President's Message

After more than two years of COVID19 disruption, functioning of courts and the legal profession is returning back to normal, albeit with some 'new normal'.

Hybrid Court and arbitration hearings, meetings, and events, it seems, are there to stay. At the same time physical meetings and events are picking up, as international travel is becoming less restrictive and pent-up urge to travel and meet people is looking for an outlet. Memory of those lost to Covid still lingers.

One foundational question to which we all have to look for answers, remains. Whether the Rule of Law sustains itself in the same way today as before?

Covid 19 had led to excessive powers devolving to the state and more particularly to the police and the bureaucracy, due to the demand of emergency circumstances and also the reduced access to courts and the deference which courts accorded to the state while handling the crisis. It also led to some level of tolerance of state authoritarianism, as people generally become resigned to their fate.

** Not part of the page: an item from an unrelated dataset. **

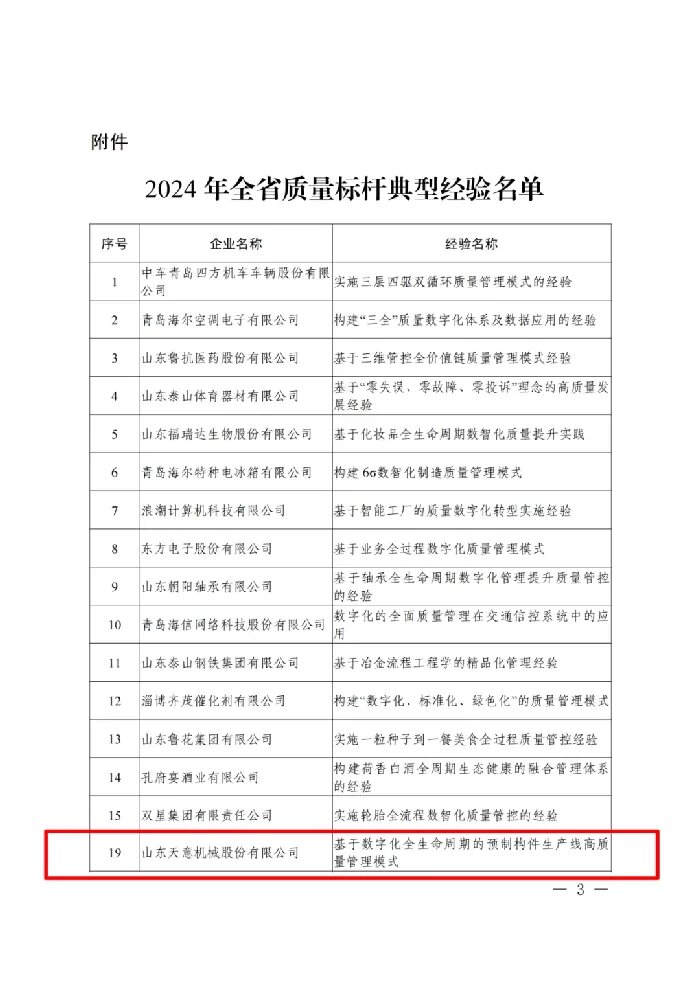 7月,山東省工業(yè)和信息化廳公布了全省質(zhì)量標(biāo)桿獎。天意機(jī)械憑借在關(guān)鍵過程質(zhì)量控制方向的不懈探索,以基于數(shù)字化全生命周期的預(yù)制構(gòu)件生產(chǎn)線高質(zhì)量管理模式斬獲“2024年全省質(zhì)量標(biāo)桿”。
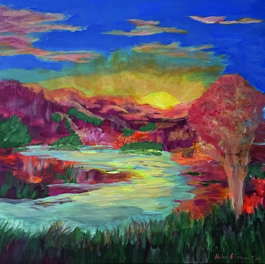 I have loved paintings and Art since my Humanities courses in college.  But being an artist was not on my mind.   I taught elementary school children for several years, followed by a satisfying 2nd career as a Licensed Marriage and Family Therapist.  For many years I was a photographer as a hobby. Without realizing it, I was using artistic techniques to photograph the world, near and far—framing and composing my photos as my world and experiences expanded.  I have enlarged many of my photos and they are hanging in my home as well as my children’s homes.

What is most essential though, is to see whether the institutions like the judiciary are able to regain their robustness and vitality, especially when faced with unprecedented attacks on its functioning while deciding contentious matters having resonance in the cacophony of the social media, where the loudest screeching voices belong to those aligned to the power centres. Voices that do not care for, do not understand, and even are opposed to the very concept of independence of judiciary and how vital it is to sustain even the basic level of the Rule of Law. Judges, who decide cases where one party wins and other loses, hand down convictions and punishments, give rulings against the state and its agencies, have no other protection and safeguard than the public faith and trust and support of an independent Bar. It requires courage and robustness to decide contentious cases while leaning towards the protection of rights of the weak and individual citizens. Authoritarianism has always hundreds of justifications, but these are to be weighed against the sacrosanct rights enshrined in the constitution which also makes the judiciary the guardian of fundamental rights to enforce limits on state powers by protecting the citizens. How do we keep our judges robust and motivated to carry out their constitutional oath to perform the duties of the judges office without fear or favour, affection or ill-will and to uphold the constitution and the laws, is the seminal question which faces the Bar and every right thinking citizen.

The Bar Association of India is launching the Rule of Law Events Series, with the opening event on 'Free Speech and the Judiciary: Striking a Balance for Fair and Independent Administration of Justice', with many more to follow nearly every month.

The Association is also working to complete its building project and to establish an institution for dispute avoidance and resolution which caters to the need of the emerging markets and economies as it continues to support and carry out initiates that serve to promote and sustain the rule of law in the country and globally.

Today is the time when the Bar and the legal profession has the most important role to play to nurture the drying roots of the Rule of Law and to support and help sustain and independent and robust judiciary. There is no way we can afford to fail or even fall short in this endeavour, and this is the only way we can celebrate Aazadi Ka Amrit Mahotsav.